[EXERCISE PROMPT] Although the records contain pictures, none belong in the copy: restate word for word only the lines from the one with "Fig.1 Transdermal nicotine patch" through the one with "Chairmen of convention committees.", both included.

[INFORMATION GIVEN]
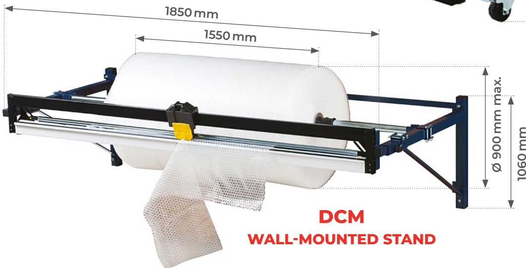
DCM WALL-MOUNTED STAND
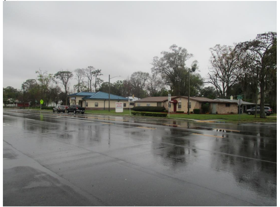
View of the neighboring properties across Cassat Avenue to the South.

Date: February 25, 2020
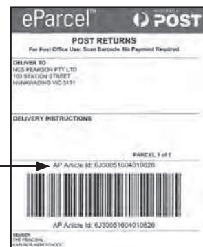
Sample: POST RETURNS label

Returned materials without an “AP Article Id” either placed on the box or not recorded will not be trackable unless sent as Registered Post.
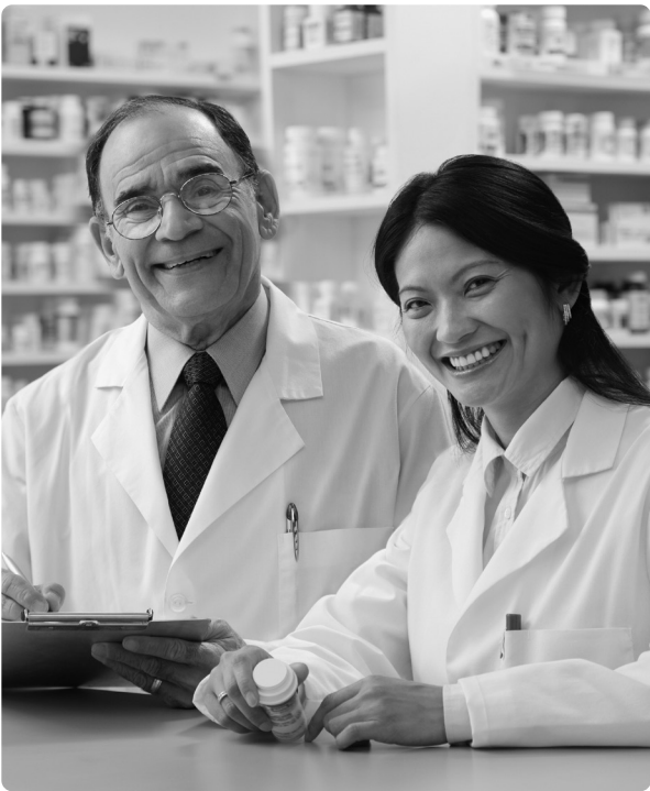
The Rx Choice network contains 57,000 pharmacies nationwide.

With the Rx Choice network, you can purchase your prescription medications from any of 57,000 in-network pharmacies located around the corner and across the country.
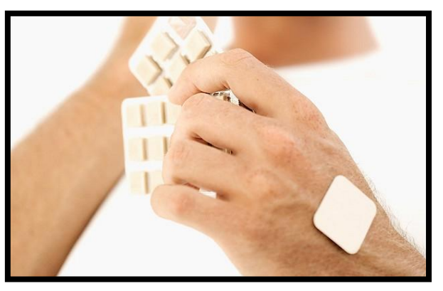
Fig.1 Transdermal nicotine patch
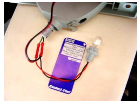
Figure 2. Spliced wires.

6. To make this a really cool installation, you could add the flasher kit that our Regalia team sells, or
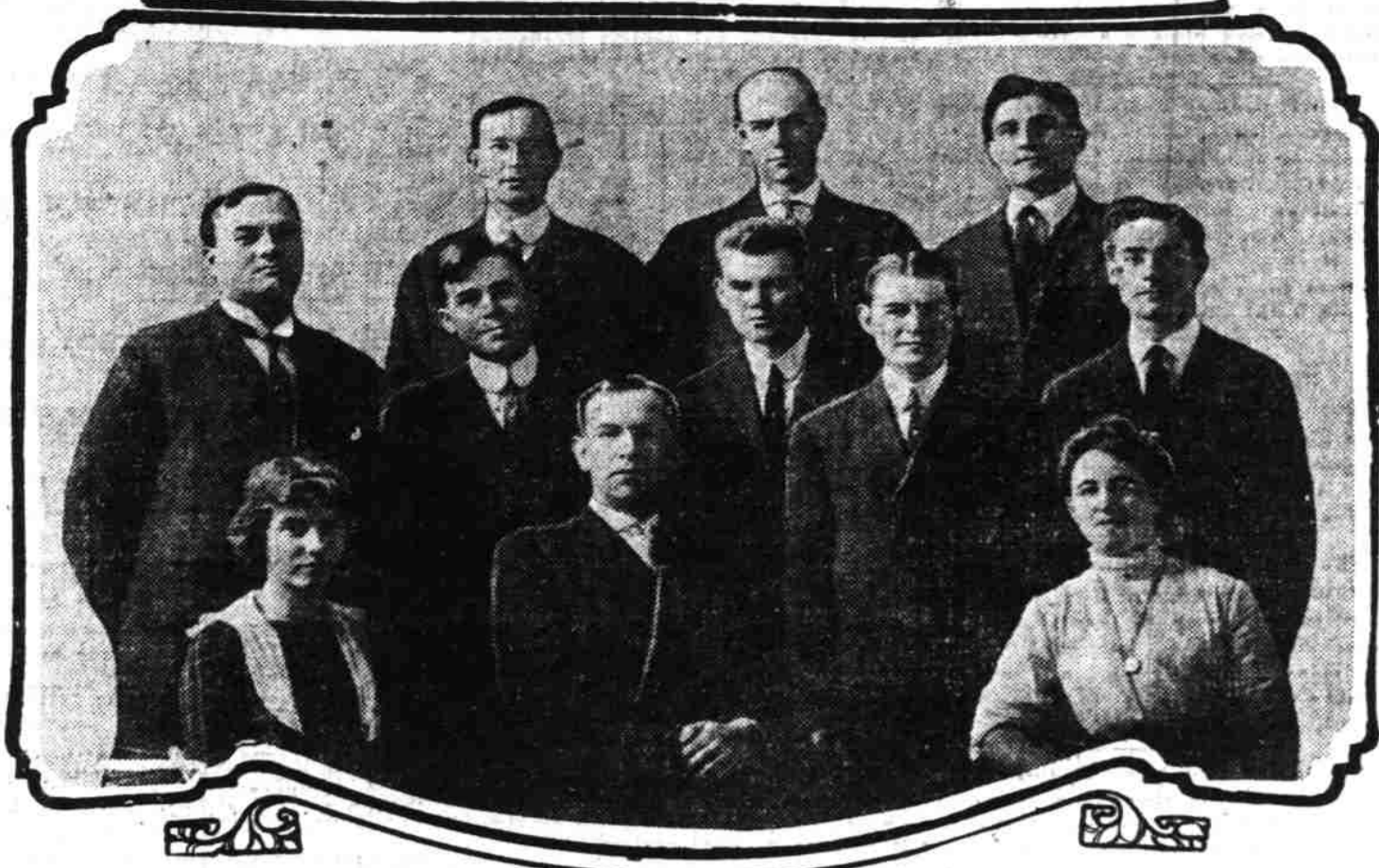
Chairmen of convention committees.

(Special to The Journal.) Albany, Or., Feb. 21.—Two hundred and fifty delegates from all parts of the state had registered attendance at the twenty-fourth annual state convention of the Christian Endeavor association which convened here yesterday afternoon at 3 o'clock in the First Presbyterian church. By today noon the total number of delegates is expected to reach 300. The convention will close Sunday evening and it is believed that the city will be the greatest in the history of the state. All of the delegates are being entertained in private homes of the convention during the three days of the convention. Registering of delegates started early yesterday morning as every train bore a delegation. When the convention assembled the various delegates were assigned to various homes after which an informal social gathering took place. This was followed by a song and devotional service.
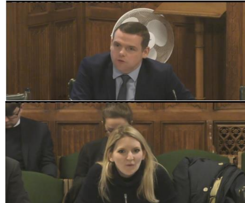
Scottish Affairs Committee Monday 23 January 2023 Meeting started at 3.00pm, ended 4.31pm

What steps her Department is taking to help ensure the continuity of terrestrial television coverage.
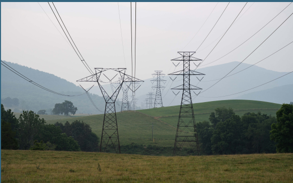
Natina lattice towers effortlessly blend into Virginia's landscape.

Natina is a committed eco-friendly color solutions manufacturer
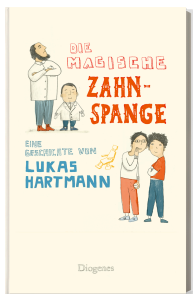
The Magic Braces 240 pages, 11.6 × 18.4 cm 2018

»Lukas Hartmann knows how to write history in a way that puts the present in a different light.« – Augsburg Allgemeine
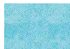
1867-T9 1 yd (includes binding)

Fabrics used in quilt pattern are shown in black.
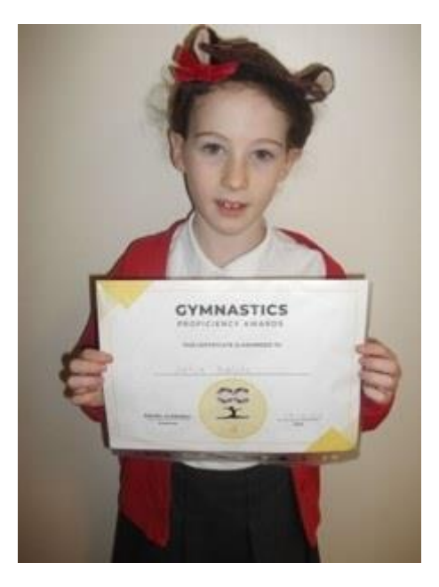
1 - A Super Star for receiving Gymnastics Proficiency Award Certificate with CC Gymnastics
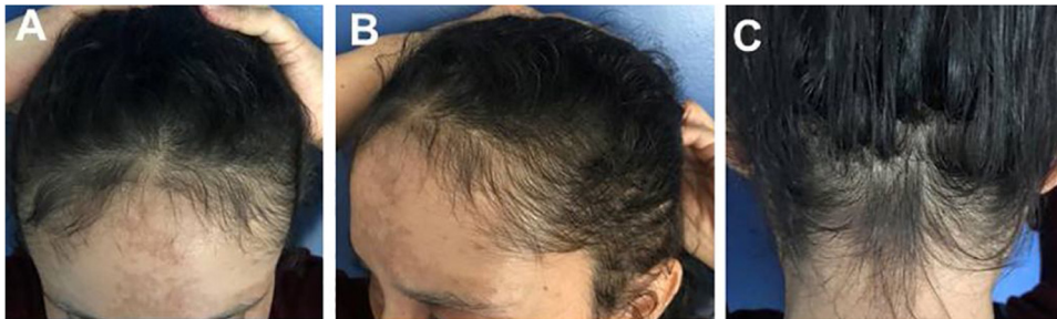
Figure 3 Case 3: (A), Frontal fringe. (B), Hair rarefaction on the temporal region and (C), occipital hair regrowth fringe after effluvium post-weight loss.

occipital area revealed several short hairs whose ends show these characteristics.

==

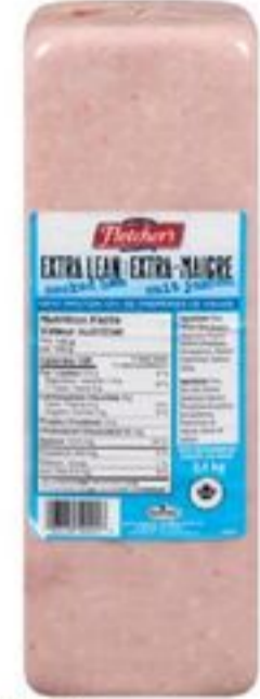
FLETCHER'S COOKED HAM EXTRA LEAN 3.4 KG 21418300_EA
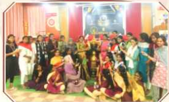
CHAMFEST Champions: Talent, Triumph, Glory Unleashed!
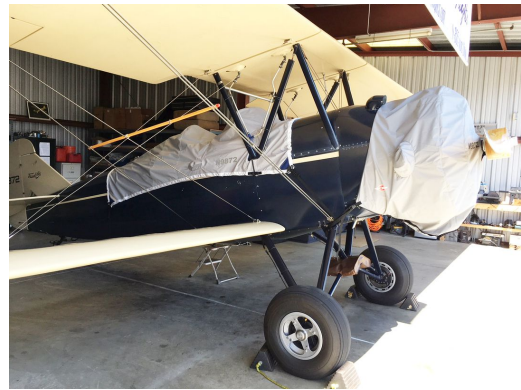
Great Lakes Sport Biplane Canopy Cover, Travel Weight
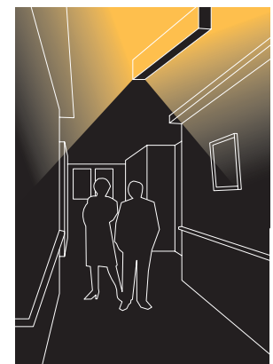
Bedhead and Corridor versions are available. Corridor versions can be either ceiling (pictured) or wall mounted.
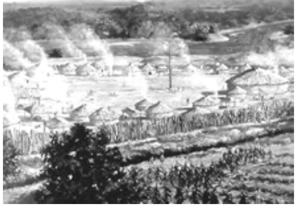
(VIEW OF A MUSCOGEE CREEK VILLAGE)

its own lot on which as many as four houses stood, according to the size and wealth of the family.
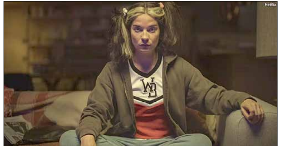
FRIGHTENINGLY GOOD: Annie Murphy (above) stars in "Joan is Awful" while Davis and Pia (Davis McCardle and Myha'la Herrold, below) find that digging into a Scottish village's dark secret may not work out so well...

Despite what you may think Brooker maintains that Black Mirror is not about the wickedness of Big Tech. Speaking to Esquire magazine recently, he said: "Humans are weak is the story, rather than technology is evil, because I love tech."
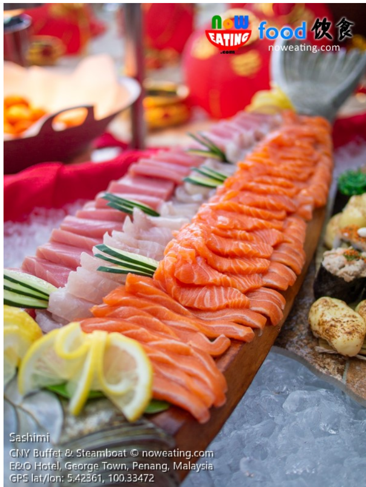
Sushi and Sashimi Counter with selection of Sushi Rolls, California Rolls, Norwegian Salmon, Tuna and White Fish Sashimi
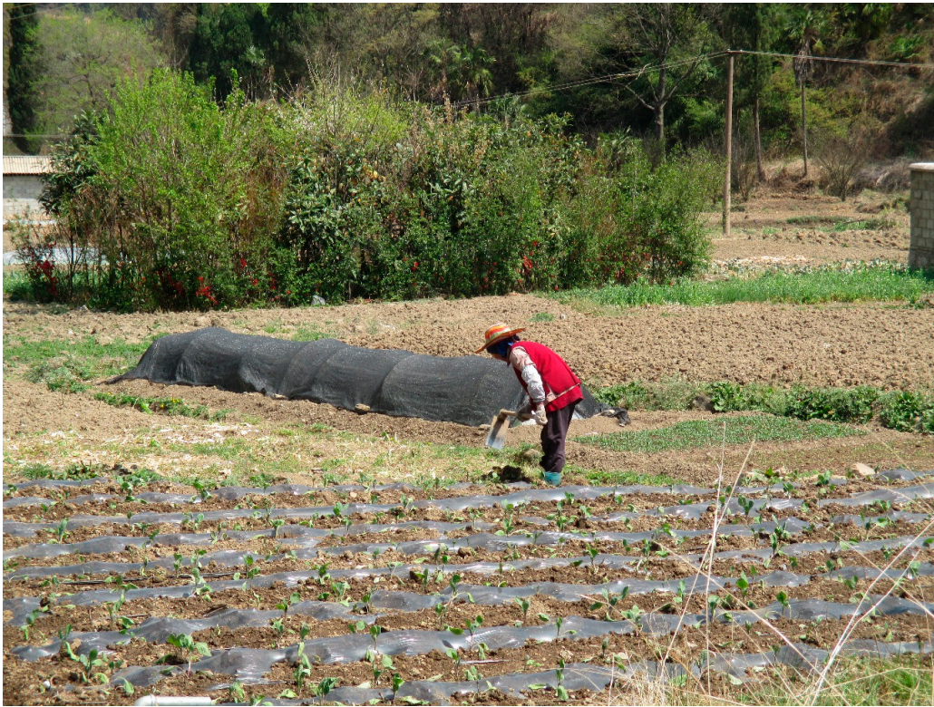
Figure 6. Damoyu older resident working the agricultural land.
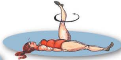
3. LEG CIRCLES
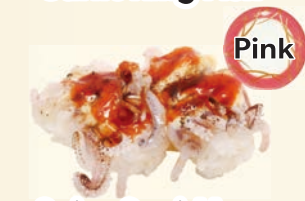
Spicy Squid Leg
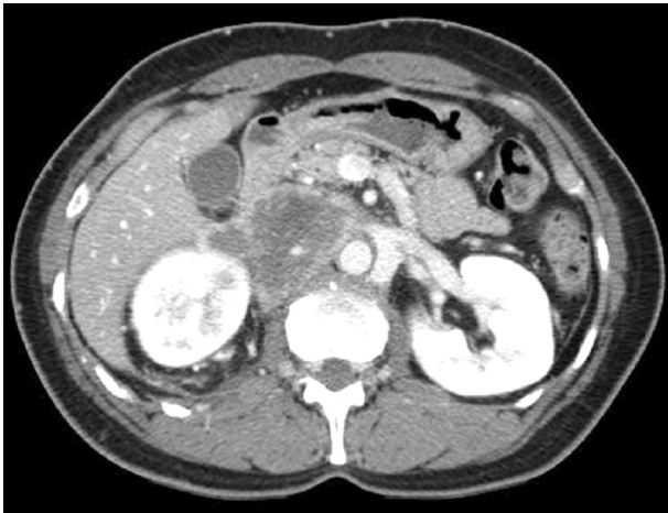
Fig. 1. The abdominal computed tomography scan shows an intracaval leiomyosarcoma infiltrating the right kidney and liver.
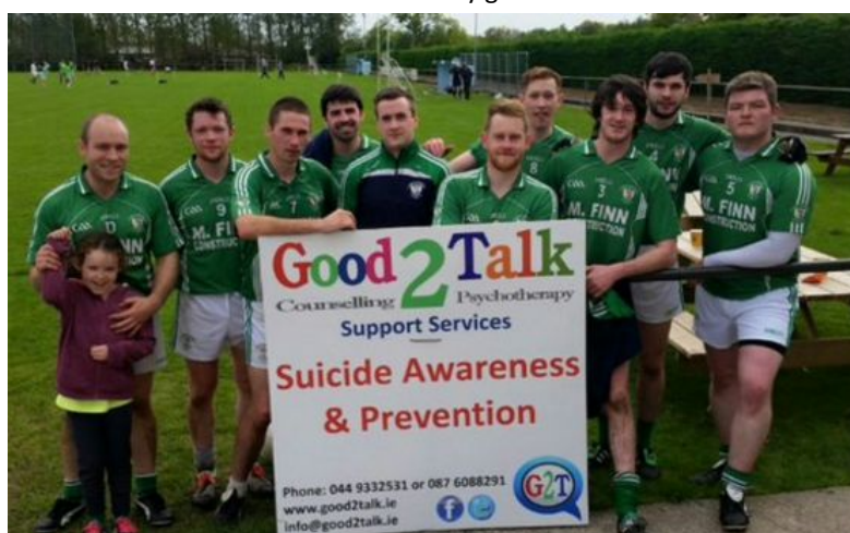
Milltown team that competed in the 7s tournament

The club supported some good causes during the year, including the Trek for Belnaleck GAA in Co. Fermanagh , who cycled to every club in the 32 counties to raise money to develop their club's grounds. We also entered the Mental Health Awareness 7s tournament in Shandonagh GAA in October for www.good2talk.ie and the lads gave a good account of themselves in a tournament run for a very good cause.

[EXERCISE RESULT]
Fig.1 Transdermal nicotine patch
Figure 2. Spliced wires.

6. To make this a really cool installation, you could add the flasher kit that our Regalia team sells, or
Chairmen of convention committees.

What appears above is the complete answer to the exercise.